Stored records

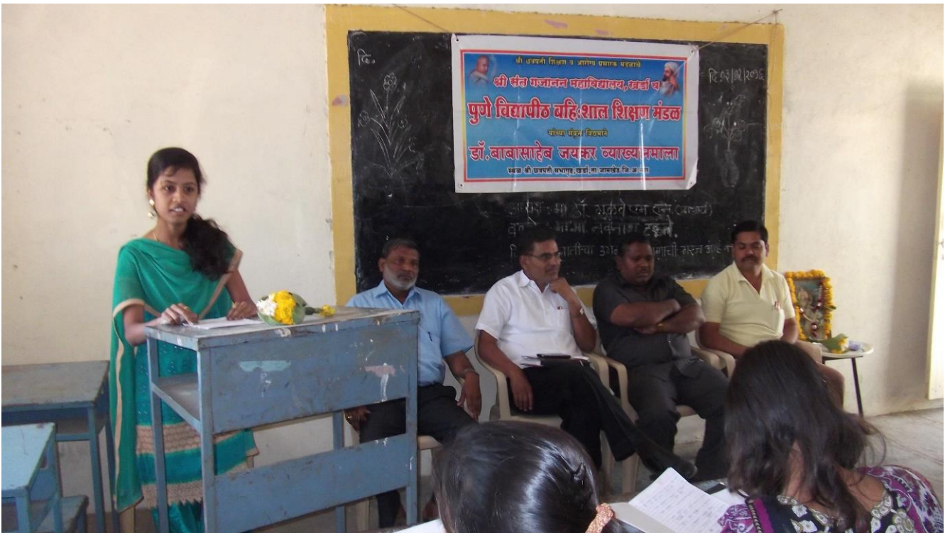
Vote of thanks delivered by Student
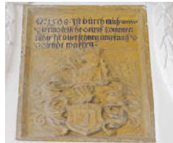
Wappenstein des Komturs Melchior von Thermo im Deutschordenshaus.

Adelsgeschlecht der Niederlausitz – Kneschke Bd. 9, S. 184 1553 Investitur – Seiler S. 527 1554 Baumeister Mergentheim – Borchardt S. 880 1554 Verwalter Virnsberg und Rothenburg – Borchardt S. 880 1554–1559 Hauskomtur Rothenburg – Borchardt S. 764 1556 Verwalter Virnsberg – Borchardt S. 523 1559 Komtur Virnsberg – Borchardt S. 33 1559–1561 Hauskomtur Nürnberg – Seiler S. 527; StA N, Ritterorden U 3257
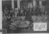
Una gran cantidad de mujeres de diferentes edades, desde las niñas de la escuela hasta las señoras de la casa, se reunieron en el salón de la escuela para celebrar el día de la mujer.
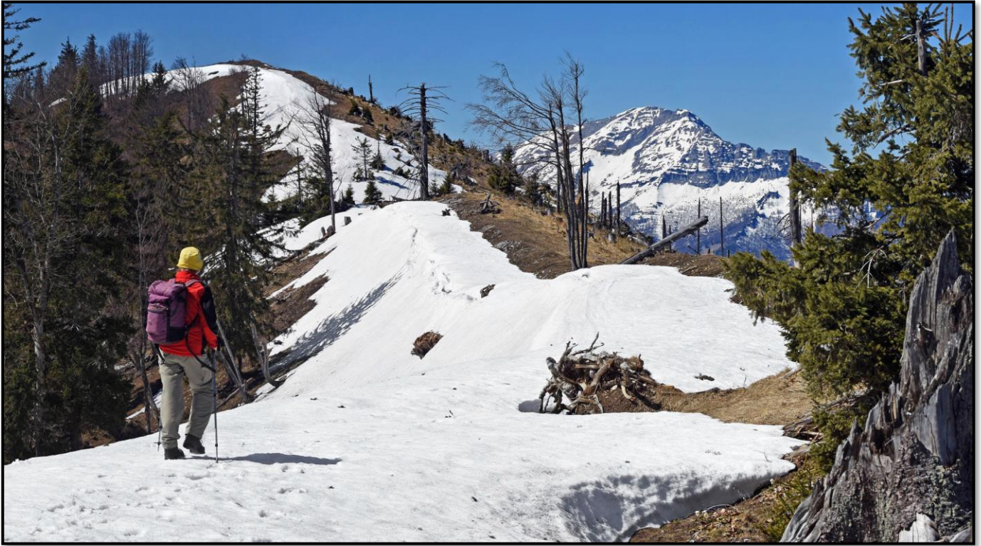
Anstieg auf den Gr. Sulzberg 1400m im Frühling
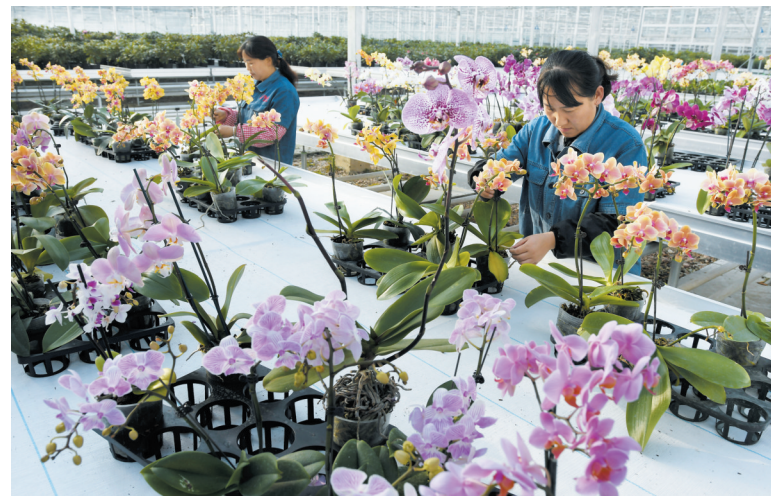
百益国际现代花卉产业园
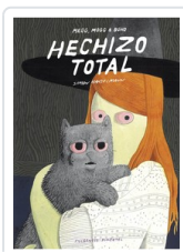
** HECHIZO TOTAL HANSELMANN, SIMON
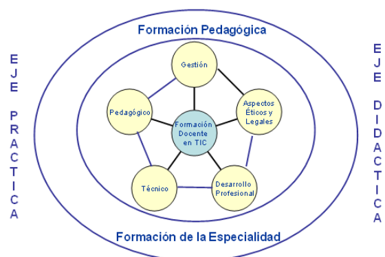
Figura 4: Elementos de la propuesta (Silva et al, 2006; Silva te al., 2008).

La propuesta se esquematiza en la siguiente figura:
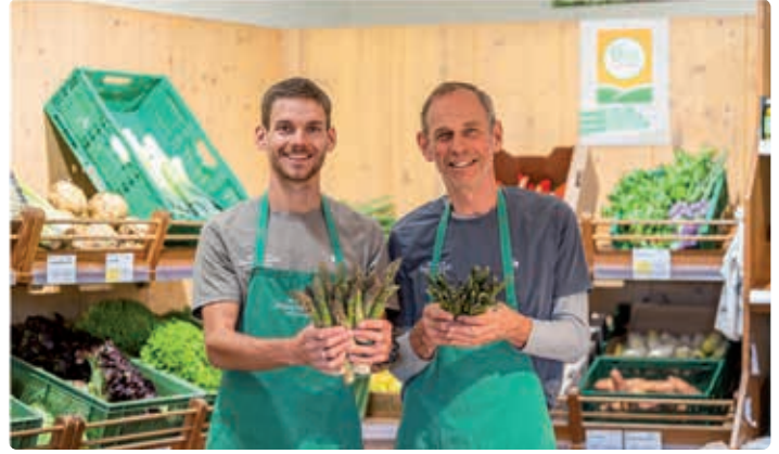
Familie Spitzauer vom Bio-Bauernmarkt Aglassing.

Schaubauernhof - ganzjährig nach Vereinbarung, Exkursionsbetrieb für LWS, Studenten, Landwirte, Konsumenten, LWS, Bodenpraktiker, Werklehrerin, Betriebsführungen - Kreislaufwirtschaft, Boden, Alte Sorten, Direktvermarktung, Hofladen mit Vollsortiment, artgerechte Tierhaltung
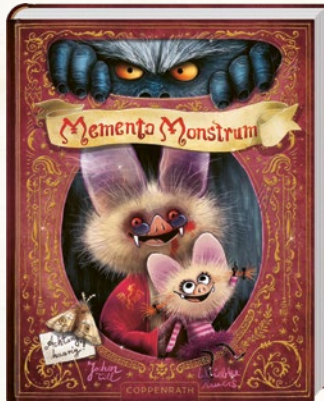
Memento Monstrum (Bd. 2) Achtung, haarig! ISBN 978-3-649-63894-0
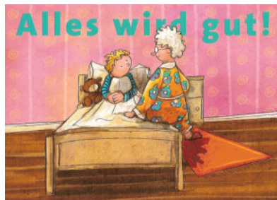
Buch: Antons Albraum, B. Furmann/M. Weber

Wenn Sie diese Fragen mit „JA“ beantworten, dann ist das Kind wahrscheinlich hochsensibel und äußerst feinfühlig in der Wahrnehmung äußerer Eindrücke und gefühlsmäßiger Verarbeitung.

▶ _AIM OF THE EXERCISE_
Within the data above, repeat exactly the lines from the one bearing "Una gran cantidad" through the one bearing "Memento Monstrum (Bd.". Include no pictures and nothing else.

▶ _YOUR RESPONSE_
Una gran cantidad de mujeres de diferentes edades, desde las niñas de la escuela hasta las señoras de la casa, se reunieron en el salón de la escuela para celebrar el día de la mujer.
Anstieg auf den Gr. Sulzberg 1400m im Frühling
百益国际现代花卉产业园
** HECHIZO TOTAL HANSELMANN, SIMON
Figura 4: Elementos de la propuesta (Silva et al, 2006; Silva te al., 2008).

La propuesta se esquematiza en la siguiente figura:
Familie Spitzauer vom Bio-Bauernmarkt Aglassing.

Schaubauernhof - ganzjährig nach Vereinbarung, Exkursionsbetrieb für LWS, Studenten, Landwirte, Konsumenten, LWS, Bodenpraktiker, Werklehrerin, Betriebsführungen - Kreislaufwirtschaft, Boden, Alte Sorten, Direktvermarktung, Hofladen mit Vollsortiment, artgerechte Tierhaltung
Memento Monstrum (Bd. 2) Achtung, haarig! ISBN 978-3-649-63894-0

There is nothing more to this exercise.